The Great Enigma
- First edition cover
- Author: Tomas Tranströmer
- Original title: Den stora gåtan
- Translator: Robin Fulton
- Language: Swedish
- Publisher: Albert Bonniers förlag
- Publication date: 19 March 2004
- Publication place: Sweden
- Published in English: 2006
- Pages: 87
- ISBN: 9100103101

= The Great Enigma =

Book by Tomas Tranströmer

The Great Enigma (Den stora gåtan) is a 2004 collection of poetry by the Swedish writer Tomas Tranströmer. It consists of five poems in free format, followed by 45 haiku in eleven suites. It is one of the two collections Tranströmer wrote after his 1990 stroke, and it was therefore written at a slow pace with the left hand. It was published in English in 2006.

==Content==
Five free-form poems are followed by 45 which follow the form of the haiku, organised into eleven suites. The suites are loosely organised by genre and themes, which include the carpe diem motif, theistic epiphanies, nature depictions, snapshots from travels and reflections on death. The themes frequently blend.

==Genesis==
In November 1990, Tomas Tranströmer suffered a stroke which paralysed the right side of his body and damaged his ability to speak. He therefore had to cancel a large-scale poetry project he was working on, about the history of Europe, to instead write more concise poems. Several times he considered to quit writing altogether, but kept coming up with new ideas. He returned to the haiku format, which he according to himself had been both reading and writing for his whole life.

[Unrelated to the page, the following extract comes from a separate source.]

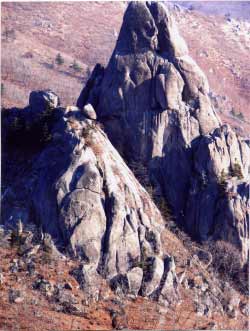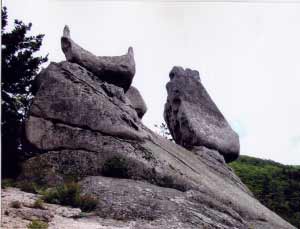 Во многих из этих скульптур можно отчётливо увидеть силуэты животных, живших в далёкие времена. Вот, например, БОЛЬШОЙ ДРАКОН (фото 1). Скальное образование, напоминающее большое пресмыкающееся с огромной головой, высокими горбами и многочисленными шипами на хвосте. Длина изваяния более 800 метров! Голова высотой около 10 метров. Высота горбов – 15-20 метров. Перед большим драконом находится «статуя» малого дракона.
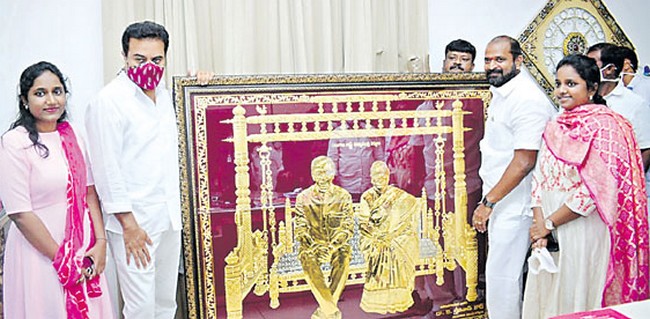తెలంగాణ ముఖ్యమంత్రి కేసీఆర్ - శోభ దంపతుల పంచలోహ చిత్రాలతో ఓ చిత్రపటాన్ని ప్రత్యేకంగా రూపొందించారు. దీన్ని రాష్ట్ర మంత్రి శ్రీనివాస్ గౌడ్ తయారు చేయించారు. ఈ పంచలోహ చిత్రపటాన్ని తెరాస వర్కింగ్ ప్రెసిడెంట్, రాష్ట్ర మంత్రి కేటీఆర్కు అందేశారు. ఇటీవల కేటీఆర్ పుట్టిన రోజు వేడుక జరిగింది. ఆ రోజన ఈ పటాన్ని అందజేశారు.

His earliest published haiku were written in 1959, when he worked at a youth prison, and in 1996 he published the collection The Sorrow Gondola which contained eleven more. The next eight years he continued to write the same way, with his left hand and at a slow pace. The haiku in The Great Enigma were not written with a strict adherence to classic conventions, but do follow the rule of three lines with five, seven and five syllables. The main inspirations for the poems were travelling, death and dreams.

==Publication==
The book was published in Sweden on 19 March 2004 by Albert Bonniers förlag. The cover is a painting by the artist Peter Frie which was selected by Tranströmer. In April the book was released on CD, read by actor Krister Henriksson, and accompanied by Tranströmer on piano, performing bits by Josef Mattias Hauer, Federico Mompou, Maurice Karkoff, Cor de Groot and Werner Wolf Glaser with his left hand. The collection was translated to English by Robin Fulton, and first appeared in the 2006 volume The Great Enigma: New Collected Poems.

==Reception==
Svenska Dagbladets critic wrote: "When reading [the first five poems] you are delighted by the natural easiness which always has characterised Tranströmer's poetry, in the following haikus by the formal restraint and discipline which makes up the other side of his authorship - not a word too much!" The critic continued: "Tranströmer's new poems are permeated by a completely natural piety. No high tones, no preachment! Only a calm confidence before mortality and a through and through unsentimentally formulated gratitude for being able to exist, to participate."

The book was nominated for the August Prize. In 2007, Frie, whose painting is on the book's cover, collaborated with Tranströmer and exhibited 13 original landscape paintings inspired by the book.